### WORK REQUIRED
Print exactly the lines below between the line holding "Non a caso, il" and the line holding "벽에 붙은 메뉴판 인데 우리는 두부전골(1인 1만원) 4인분을 주문했습니다.", inclusive, and nothing more.

Segment Start: INFORMATION SHOWN

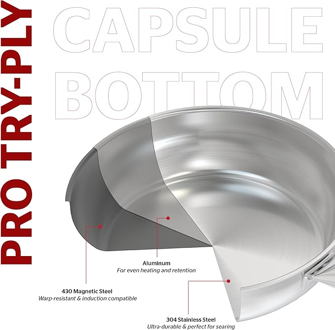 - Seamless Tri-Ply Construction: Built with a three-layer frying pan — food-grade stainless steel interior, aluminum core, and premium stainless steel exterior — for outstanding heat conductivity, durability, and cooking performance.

Segment End: INFORMATION SHOWN
Segment Start: INFORMATION SHOWN

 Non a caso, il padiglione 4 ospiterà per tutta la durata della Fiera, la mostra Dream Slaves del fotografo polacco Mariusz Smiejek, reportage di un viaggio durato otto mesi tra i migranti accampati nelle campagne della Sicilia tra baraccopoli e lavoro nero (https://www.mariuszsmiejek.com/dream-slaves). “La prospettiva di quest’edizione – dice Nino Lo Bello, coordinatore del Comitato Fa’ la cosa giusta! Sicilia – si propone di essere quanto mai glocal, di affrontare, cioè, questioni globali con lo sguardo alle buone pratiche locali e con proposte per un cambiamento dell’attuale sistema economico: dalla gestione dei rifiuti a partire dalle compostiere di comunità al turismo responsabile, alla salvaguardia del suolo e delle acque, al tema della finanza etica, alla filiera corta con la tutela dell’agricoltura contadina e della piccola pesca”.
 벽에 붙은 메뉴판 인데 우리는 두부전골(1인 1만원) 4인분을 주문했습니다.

Segment End: INFORMATION SHOWN

### SOLUTION FOR THIS TASK
 Non a caso, il padiglione 4 ospiterà per tutta la durata della Fiera, la mostra Dream Slaves del fotografo polacco Mariusz Smiejek, reportage di un viaggio durato otto mesi tra i migranti accampati nelle campagne della Sicilia tra baraccopoli e lavoro nero (https://www.mariuszsmiejek.com/dream-slaves). “La prospettiva di quest’edizione – dice Nino Lo Bello, coordinatore del Comitato Fa’ la cosa giusta! Sicilia – si propone di essere quanto mai glocal, di affrontare, cioè, questioni globali con lo sguardo alle buone pratiche locali e con proposte per un cambiamento dell’attuale sistema economico: dalla gestione dei rifiuti a partire dalle compostiere di comunità al turismo responsabile, alla salvaguardia del suolo e delle acque, al tema della finanza etica, alla filiera corta con la tutela dell’agricoltura contadina e della piccola pesca”.
 벽에 붙은 메뉴판 인데 우리는 두부전골(1인 1만원) 4인분을 주문했습니다.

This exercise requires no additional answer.